[Physics] Why is ground state $| 0 \rangle$ of harmonic oscillator a coherent state

quantum mechanics

Is ground state $| 0 \rangle$ of harmonic oscillator a coherent state just because it minimize the uncertainty product?

What is the intuition of this. I don't quite understand the significance of the ground state being a coherent state.

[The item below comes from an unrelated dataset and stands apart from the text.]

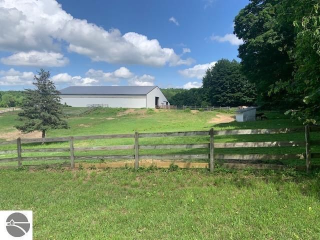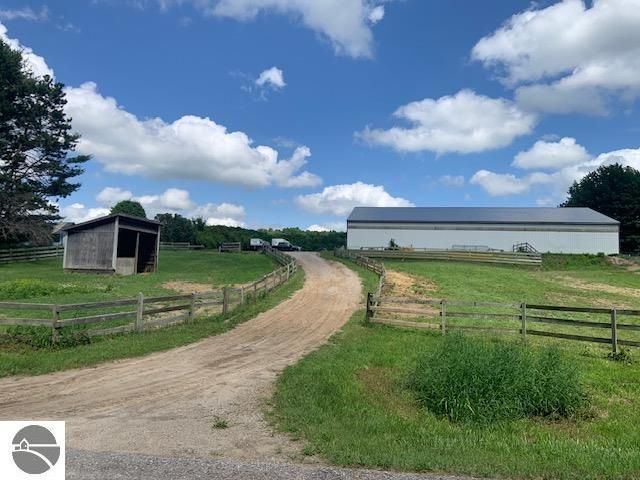 EQUESTRIAN FACILITY on a beautiful partially wooded 10 acre parcel near Bellaire, Mi. and Torch Lake. Only a 40 minute drive to Traverse City Horse Shows @ Flintfields Horse Park in Williamsburg, Mi. Includes a 120'x92' x 14' high pole barn with a 120'x72' indoor riding arena, 8 adjustable horse stalls, and a heated tack room with a kitchen area and ½ bathroom. There are numerous paddocks and run in sheds on the secluded yet easily accessible property. A new pole barn truss system and roof were installed in 2017. Measurements and dates are approximate.
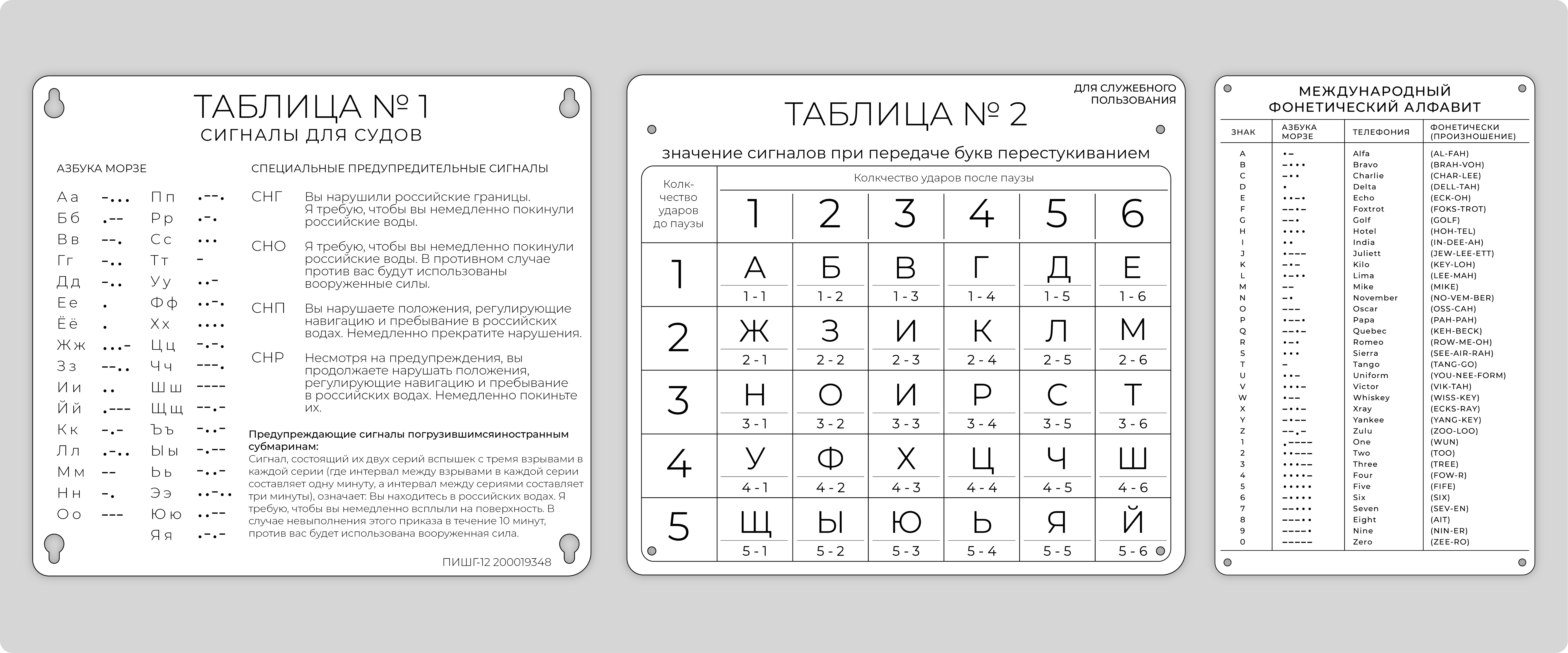 Engraved Russian submarine graphics, morse code and phonetic alphabet.

Any explanation would be appreciated

Best Answer

Mathematical answer #1

Mathematically, you can use the definition $a|z\rangle \equiv z|z\rangle$ of coherent states to explicitly construct them in terms of energy eigenkets. Up to a normalization constant, the result is: $$\left|z\right\rangle = \sum_{n=0}^\infty \frac{z^n}{\sqrt{n!}}\left|n\right\rangle$$ Now, what happens if you let $z \rightarrow 0$ in the expression above? The only surviving term in the right-hand sum will be the one with $n=0$, and we get the result: $$\left|z=0\right\rangle = \left|n=0\right\rangle$$ So the ground state of the system is a coherent state with parameter $z=0$.

Mathematical answer #2

You could also see this directly from definitions. Coherent states are defined as $a|z\rangle \equiv z\left|z\right\rangle$. Per definition, the coherent state with $z=0$ will then have the following property: $$a\left|z=0\right\rangle = 0$$ The definition of the ground state of the harmonic oscillator is: $$a\left|n=0\right\rangle = 0$$ Putting the two definitions together, we get the same result as earlier: $$\left|z=0\right\rangle = \left|n=0\right\rangle$$

Physical answer

One of the interesting properties of the coherent states $\left|z\right\rangle$, is that the expectation values of position and momentum follow the equations of a classical harmonic oscillator: $$\langle x \rangle = \sqrt{\frac{2\hbar}{m\omega}}\Re\left\{z \exp(-i\omega t)\right\}$$ $$\langle p \rangle = \sqrt{2\hbar m\omega}\Im\left\{z \exp(-i\omega t)\right\}$$ It might look a bit more familiar if we choose a real value of $z$: $$\langle x \rangle = \sqrt{\frac{2\hbar}{m\omega}} \; z \cos(\omega t)$$ $$\langle p \rangle = -\sqrt{2\hbar m\omega} \; z \sin(\omega t)$$ Now, what would happen if you let $z\rightarrow 0$? Then you basically get a state with $\langle x \rangle = \langle p \rangle = 0$.

So if you think of the coherent states as the states where expectation values behave like a classical harmonic oscillator, then the ground state is the state with zero energy, i.e. the state with expectation values that doesn't oscillate at all.